'''

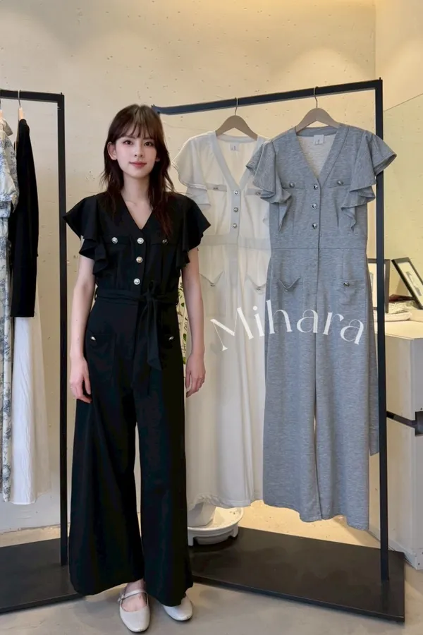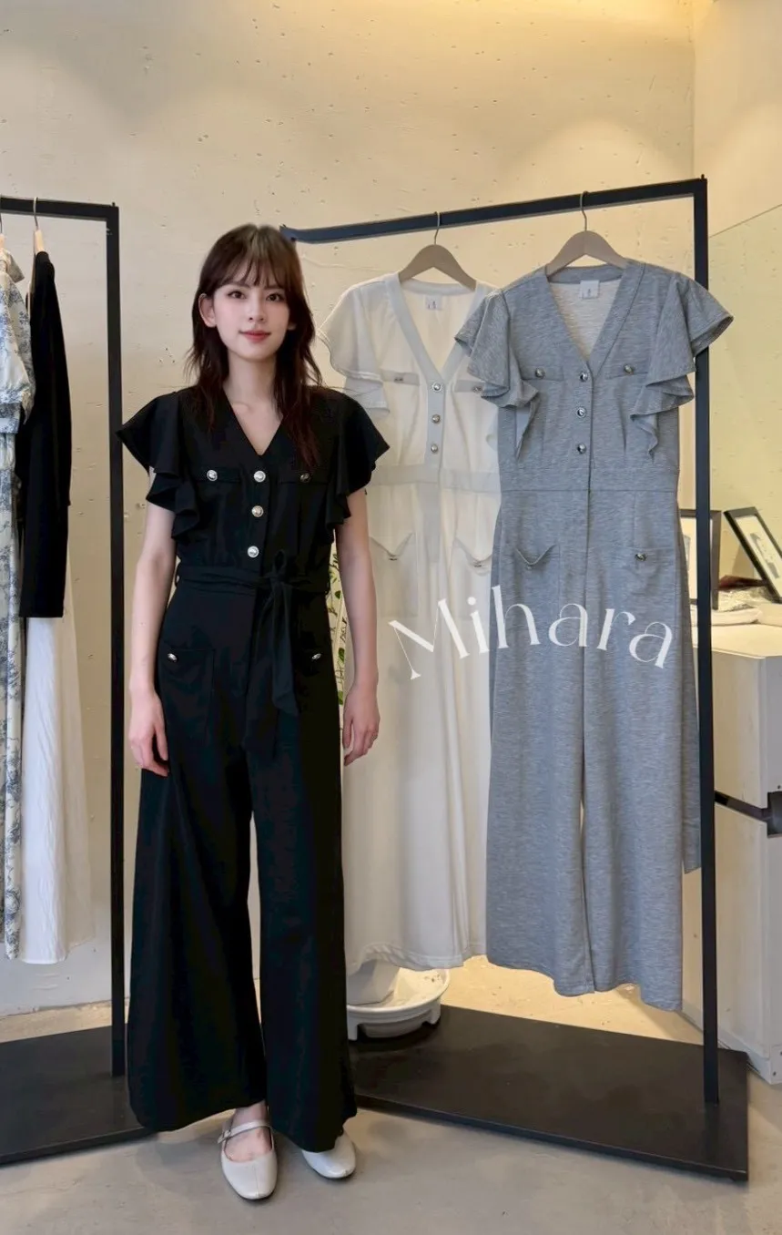A60 0325CP家V領連身褲附綁帶3色
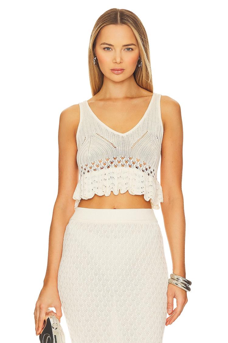 Soft viscose and open knit crochet fabric create a breezy, relaxed cropped top perfect for sunny days. Featuring a sleeveless design with wide straps and a flattering V-neckline, this off-white Leigh Top offers a casual chic bohemian vibe. The intricate crochet detailing at the hem adds texture and visual interest, making it an ideal choice for beach vacations, casual brunches, or warm spring and summer outings. Easy to slip on and pair with skirts or shorts, it delivers effortless style and comfort for a variety of laid-back occasions.
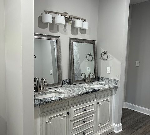 This 1500 SF studio suite has a bathroom equipped with a soaking tub, double vanity, and steam shower for a spa-like experience at home. LED Recessed Lighting throughout the home, provides energy-efficient and modern illumination. A private kitchen and laundry room provide space and functionality. The studio suite is furnished and offer a big screen TV, table, and sofa bed. A newly constructed private deck and entry way allow access to the upstairs apartment. This suite comes with garage access and utilities included. This home truly has it all-luxury, space, and smart technology. In between Newnan and Fayetteville this home is minutes away from I-85 and several shops, restaurants, and 2 hospitals.
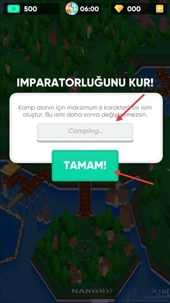 1.游戏开始时,玩家需要根据提示创建一个营地名称,点击【TAMAM!】确认。
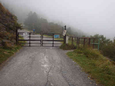 霧の立ちこめる林道に入り、まずは松本市街を見晴らす王ヶ鼻を目指す。なお、最高峰の王ヶ頭までは1km、王ヶ頭を経て美しの塔までは3.1kmである。進路を北に採り、霧で視界の遮られた作業道を進む。間もなく天狗の露地と案内される分岐へ着き、進路を左に採れば王ヶ頭への近道なのだが、先に王ヶ鼻を目指すのでそのまま作業道を直進する。
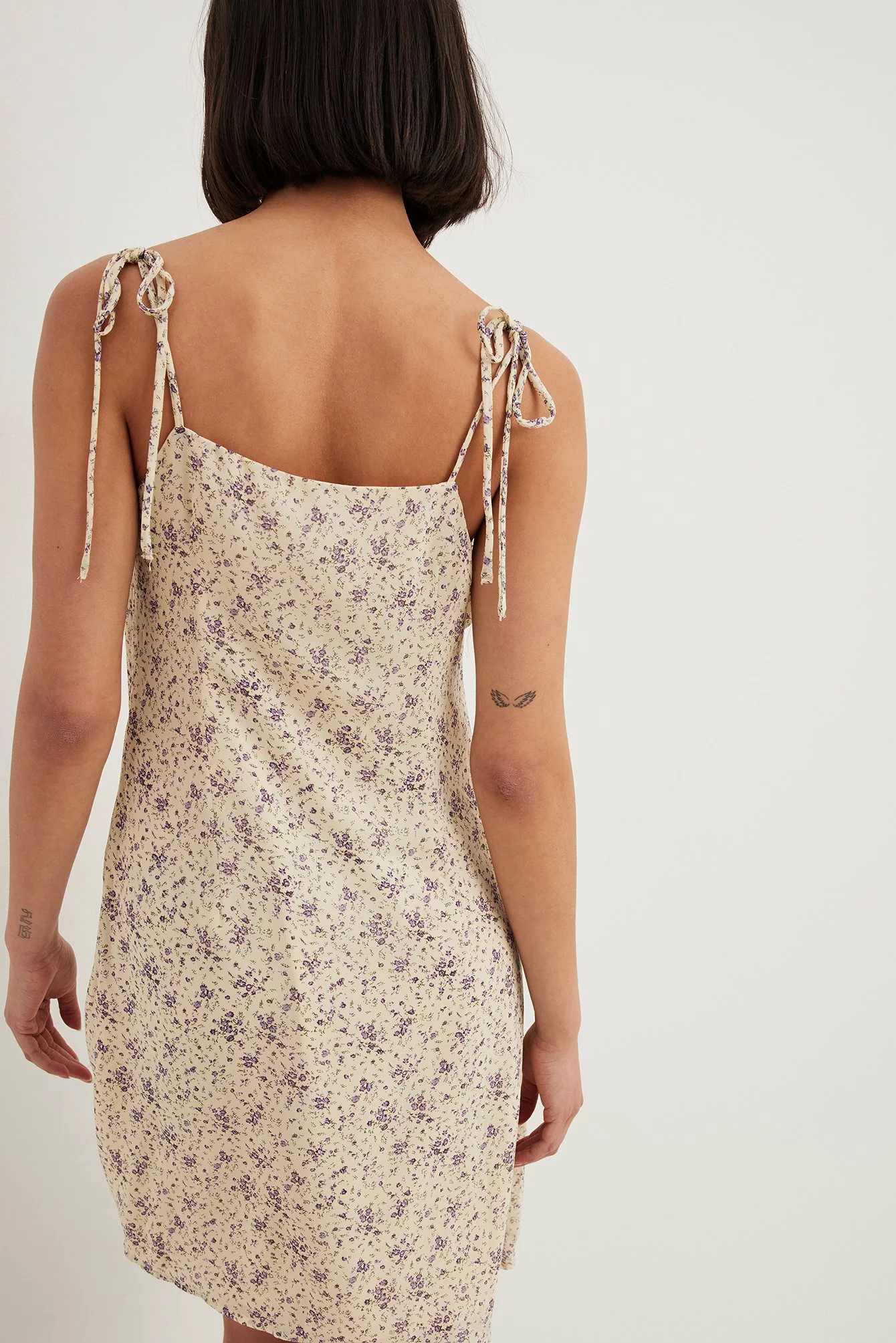 This mini dress features a draped neckline, adjustable shoulder straps, a zipper closure on the side, a flowy fit, a sheer material and underlining.
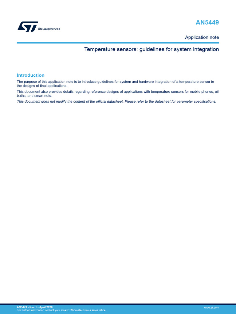 Dm00685154 Temperature Sensors Guidelines For System Integration ...
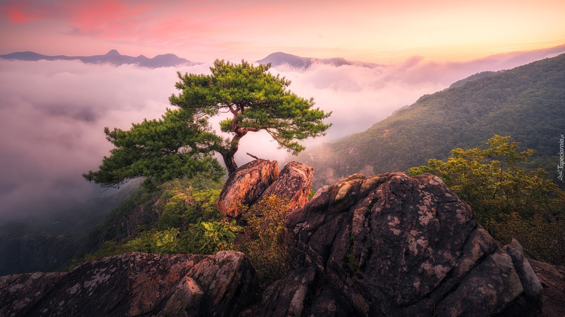 Edytor tapety: Samotna sosna na górze Jebibong w Korei Południowej
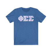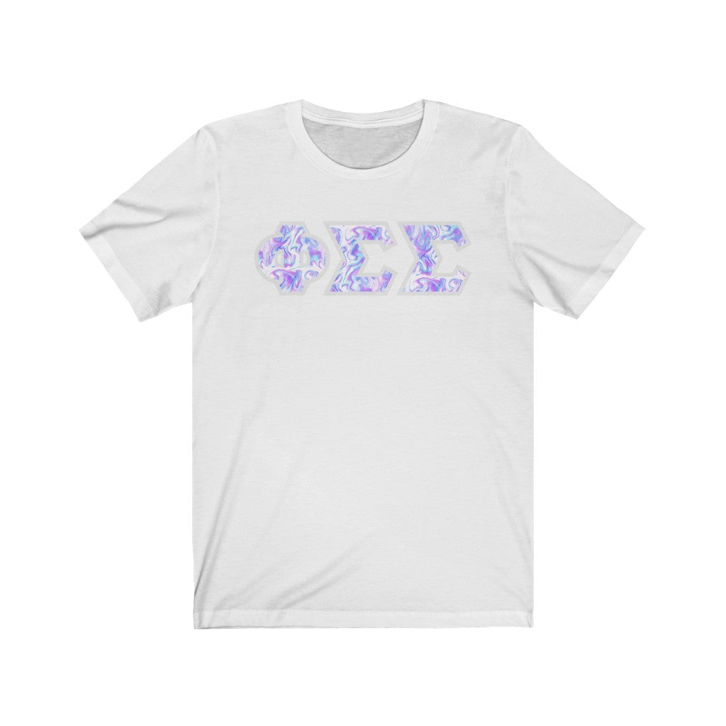 These Phi Sigma Sigma Sorority letters are printed NOT stitched. They come in a number of color and garment options.
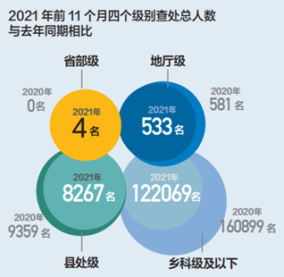 2021年1-11月,查处省部级4人,地厅级 533人,县处级8267人,乡科级及以下122069人,反映出各级纪检监察机关层层传导压力,严格执纪,推动各级党员领导干部落实中央八项规定精神。
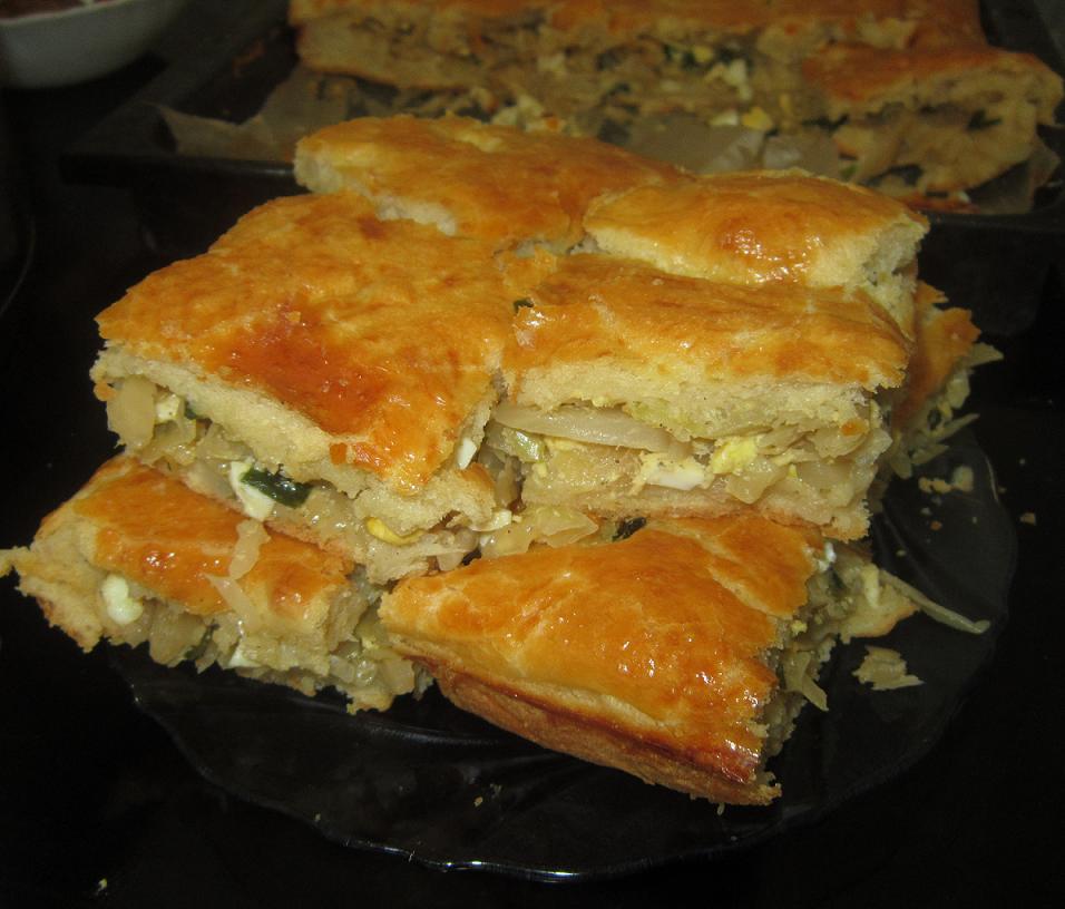 В общем, это все. Основная часть времени уходит на приготовление начинки. Надо сказать, что я поленилась сильно мелко резать (лучше повышиваю). Если капуста нарезана слишком крупно, она не успеет приготовиться, тесто уже испечется, а начинка будет сырой.
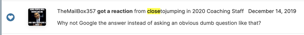 Someone posted the other day that this guy has as much rep as he does because he's spent time in the Cloak Room and struck all of the right chords and got pumped up that way. I think it's fatwa time, personally, and if someone in the CR is counterbalancing that shit, they should get some fucking negs too. Rep from the CR causing threads elsewhere to get fucked up by idiots has been a problem from inception. I realize that Jayden de Laura was a minor when he forcibly and violently raped a friend of his in a stairwell and all, but I hope that motherfucker gets ostracized from ever getting any further chances in college sports. Go get your second chance waiting tables or working construction, you piece of human shit. Motherfucker.21 points
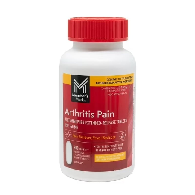 Tabletas de liberación prolongada Member’s Mark para el dolor de artritis, 650 mg de acetaminofén, 200 unidades/paquete, 2 paquetes.

'''

Task directions:
Every record must be copied exactly, with images dropped from the result.

Solution below:
A60 0325CP家V領連身褲附綁帶3色
 Soft viscose and open knit crochet fabric create a breezy, relaxed cropped top perfect for sunny days. Featuring a sleeveless design with wide straps and a flattering V-neckline, this off-white Leigh Top offers a casual chic bohemian vibe. The intricate crochet detailing at the hem adds texture and visual interest, making it an ideal choice for beach vacations, casual brunches, or warm spring and summer outings. Easy to slip on and pair with skirts or shorts, it delivers effortless style and comfort for a variety of laid-back occasions.
 This 1500 SF studio suite has a bathroom equipped with a soaking tub, double vanity, and steam shower for a spa-like experience at home. LED Recessed Lighting throughout the home, provides energy-efficient and modern illumination. A private kitchen and laundry room provide space and functionality. The studio suite is furnished and offer a big screen TV, table, and sofa bed. A newly constructed private deck and entry way allow access to the upstairs apartment. This suite comes with garage access and utilities included. This home truly has it all-luxury, space, and smart technology. In between Newnan and Fayetteville this home is minutes away from I-85 and several shops, restaurants, and 2 hospitals.
 1.游戏开始时,玩家需要根据提示创建一个营地名称,点击【TAMAM!】确认。
 霧の立ちこめる林道に入り、まずは松本市街を見晴らす王ヶ鼻を目指す。なお、最高峰の王ヶ頭までは1km、王ヶ頭を経て美しの塔までは3.1kmである。進路を北に採り、霧で視界の遮られた作業道を進む。間もなく天狗の露地と案内される分岐へ着き、進路を左に採れば王ヶ頭への近道なのだが、先に王ヶ鼻を目指すのでそのまま作業道を直進する。
 This mini dress features a draped neckline, adjustable shoulder straps, a zipper closure on the side, a flowy fit, a sheer material and underlining.
 Dm00685154 Temperature Sensors Guidelines For System Integration ...
 Edytor tapety: Samotna sosna na górze Jebibong w Korei Południowej
 These Phi Sigma Sigma Sorority letters are printed NOT stitched. They come in a number of color and garment options.
 2021年1-11月,查处省部级4人,地厅级 533人,县处级8267人,乡科级及以下122069人,反映出各级纪检监察机关层层传导压力,严格执纪,推动各级党员领导干部落实中央八项规定精神。
 В общем, это все. Основная часть времени уходит на приготовление начинки. Надо сказать, что я поленилась сильно мелко резать (лучше повышиваю). Если капуста нарезана слишком крупно, она не успеет приготовиться, тесто уже испечется, а начинка будет сырой.
 Someone posted the other day that this guy has as much rep as he does because he's spent time in the Cloak Room and struck all of the right chords and got pumped up that way. I think it's fatwa time, personally, and if someone in the CR is counterbalancing that shit, they should get some fucking negs too. Rep from the CR causing threads elsewhere to get fucked up by idiots has been a problem from inception. I realize that Jayden de Laura was a minor when he forcibly and violently raped a friend of his in a stairwell and all, but I hope that motherfucker gets ostracized from ever getting any further chances in college sports. Go get your second chance waiting tables or working construction, you piece of human shit. Motherfucker.21 points
 Tabletas de liberación prolongada Member’s Mark para el dolor de artritis, 650 mg de acetaminofén, 200 unidades/paquete, 2 paquetes.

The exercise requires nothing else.